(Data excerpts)
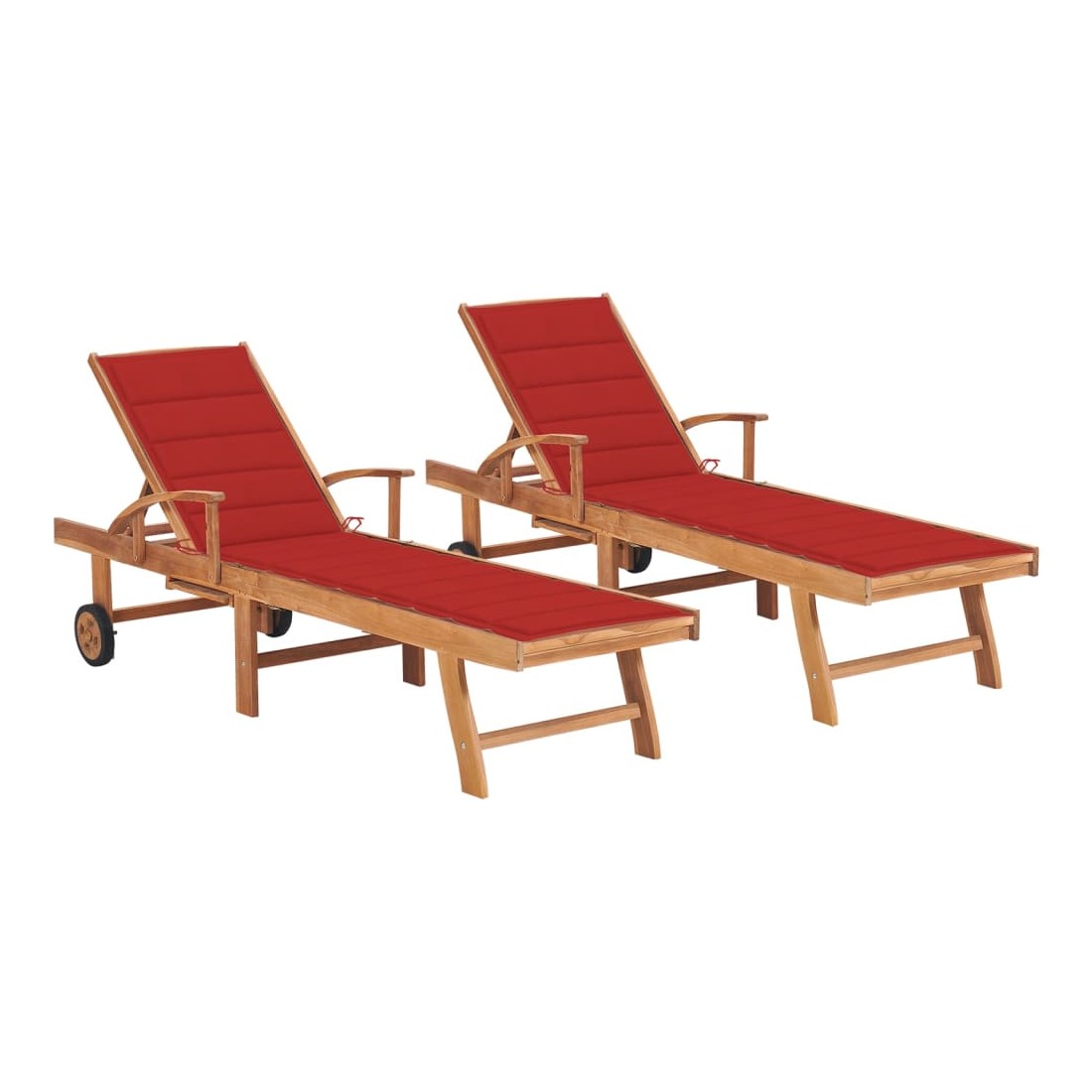 Chaises longues lot de 2 avec coussin rouge Bois de teck solide
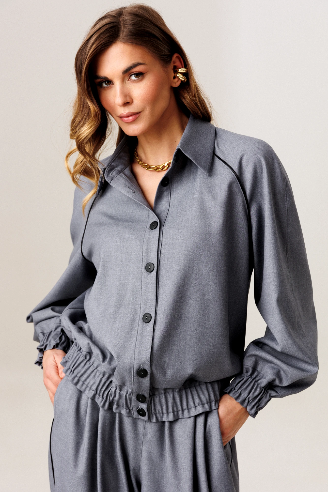 Брючный костюм Ларс Стиль 1211 серый
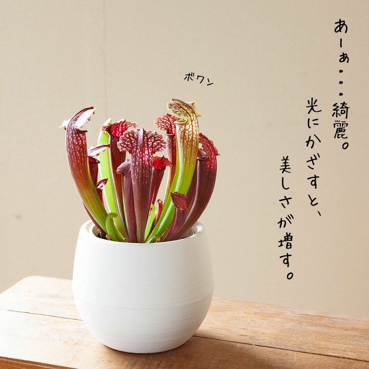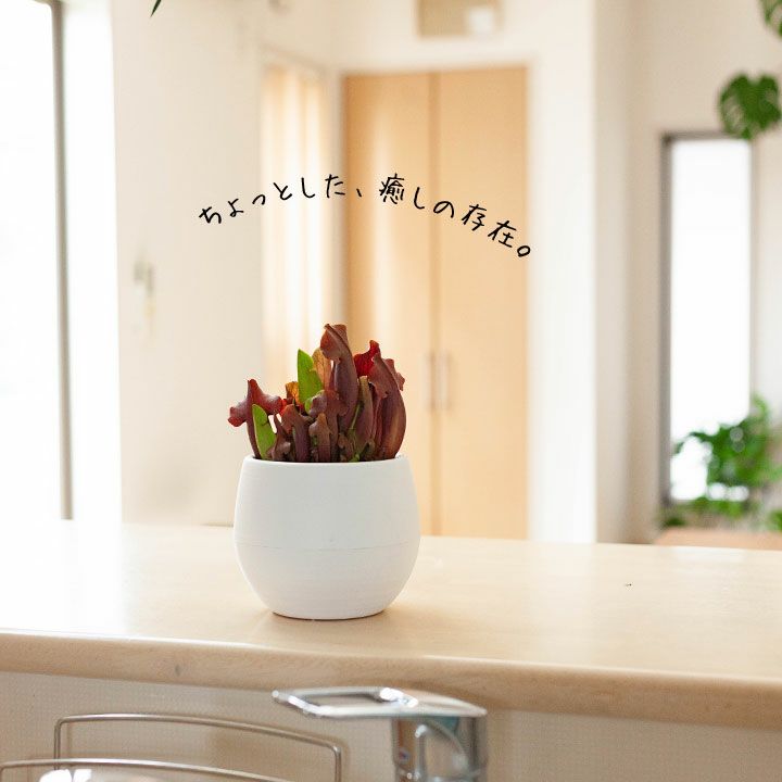 沼地に生える水が好きな植物です。乾かしすぎない様に、水はマメに与えてください。 ※日光に当たる場所の方が葉色が綺麗になります。日光が大好きで、真夏の屋外でも屋外で耐えるくらい丈夫な植物です。 (冬は葉が傷み、休眠に入ります。春、気温が上がれば新しい葉が出てきます) |
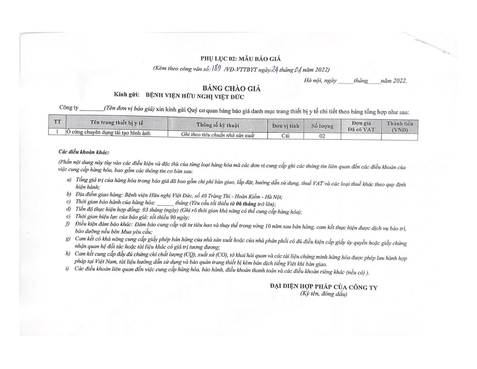 Bệnh viện Hữu nghị Việt Đức mời chào báo giá trang thiết bị y tế
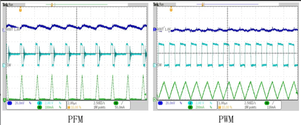 原理:重载时用PWM,轻载时自动切换为PFM,兼顾效率和性能。
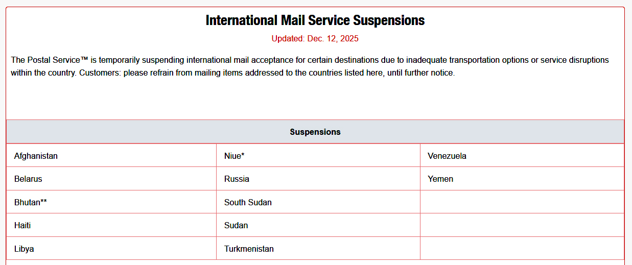 Due to the current conditions with geopolitical conflict – there are temporary restrictions with the US Postal Service into some countries.
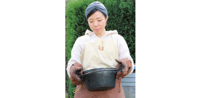 9. 焚き火台(熾おきび火になった炭)にダッチオーブンをのせ、フタの上にも熾火になった炭を置き、10~15分焼く。家庭の場合は、180℃のオーブンで15~20分焼く。よい色に焼き上がったらパンが完成。
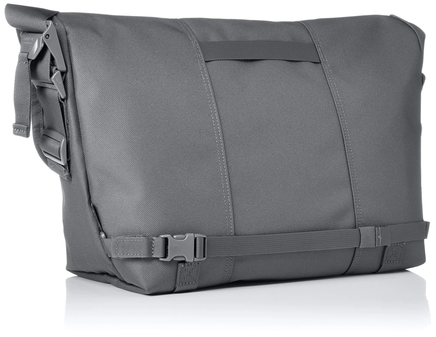 Details: Our classic messenger bag. Designed in San Francisco over 25 years ago. The shoulder strap features a curved air mesh strap pad for increased comfort, fine webbing, and Timbuk2 double-loop Cam buckle that adjusts quickly and eliminates dangling straps. A low profile grab handle makes the messenger easy to grab and go and SR buckles are partially Concealed behind the messenger flap for a refined but secure closure. INSIDE, the waterproof TPU liner and corner wings keep water out, and the internal water bottle pocket keeps water in. Distributed internal pockets and organization balances the weight of your carry. It’s a classic through some modern Evolution, and its ready to be worn for whatever your carry needs.
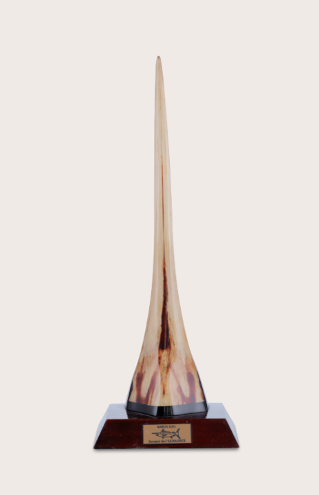 那么,你要看看这个鱼嘴骨。这个来自毛里求斯海中的蓝马林鱼,和老渔夫带回去震惊众人的那具巨大白色鱼骨架,有着同样尖尖的鱼嘴骨。如今,它也被摆放在这个私人博物馆里,讲述着与命运搏击的故事。

What is being asked: Take the line containing "Bệnh viện Hữu" as the first and the last line of the records as the end. Print every line in that span exactly, leaving out pictures.

Solution for this exercise:
 Bệnh viện Hữu nghị Việt Đức mời chào báo giá trang thiết bị y tế
 原理:重载时用PWM,轻载时自动切换为PFM,兼顾效率和性能。
 Due to the current conditions with geopolitical conflict – there are temporary restrictions with the US Postal Service into some countries.
 9. 焚き火台(熾おきび火になった炭)にダッチオーブンをのせ、フタの上にも熾火になった炭を置き、10~15分焼く。家庭の場合は、180℃のオーブンで15~20分焼く。よい色に焼き上がったらパンが完成。
 Details: Our classic messenger bag. Designed in San Francisco over 25 years ago. The shoulder strap features a curved air mesh strap pad for increased comfort, fine webbing, and Timbuk2 double-loop Cam buckle that adjusts quickly and eliminates dangling straps. A low profile grab handle makes the messenger easy to grab and go and SR buckles are partially Concealed behind the messenger flap for a refined but secure closure. INSIDE, the waterproof TPU liner and corner wings keep water out, and the internal water bottle pocket keeps water in. Distributed internal pockets and organization balances the weight of your carry. It’s a classic through some modern Evolution, and its ready to be worn for whatever your carry needs.
 那么,你要看看这个鱼嘴骨。这个来自毛里求斯海中的蓝马林鱼,和老渔夫带回去震惊众人的那具巨大白色鱼骨架,有着同样尖尖的鱼嘴骨。如今,它也被摆放在这个私人博物馆里,讲述着与命运搏击的故事。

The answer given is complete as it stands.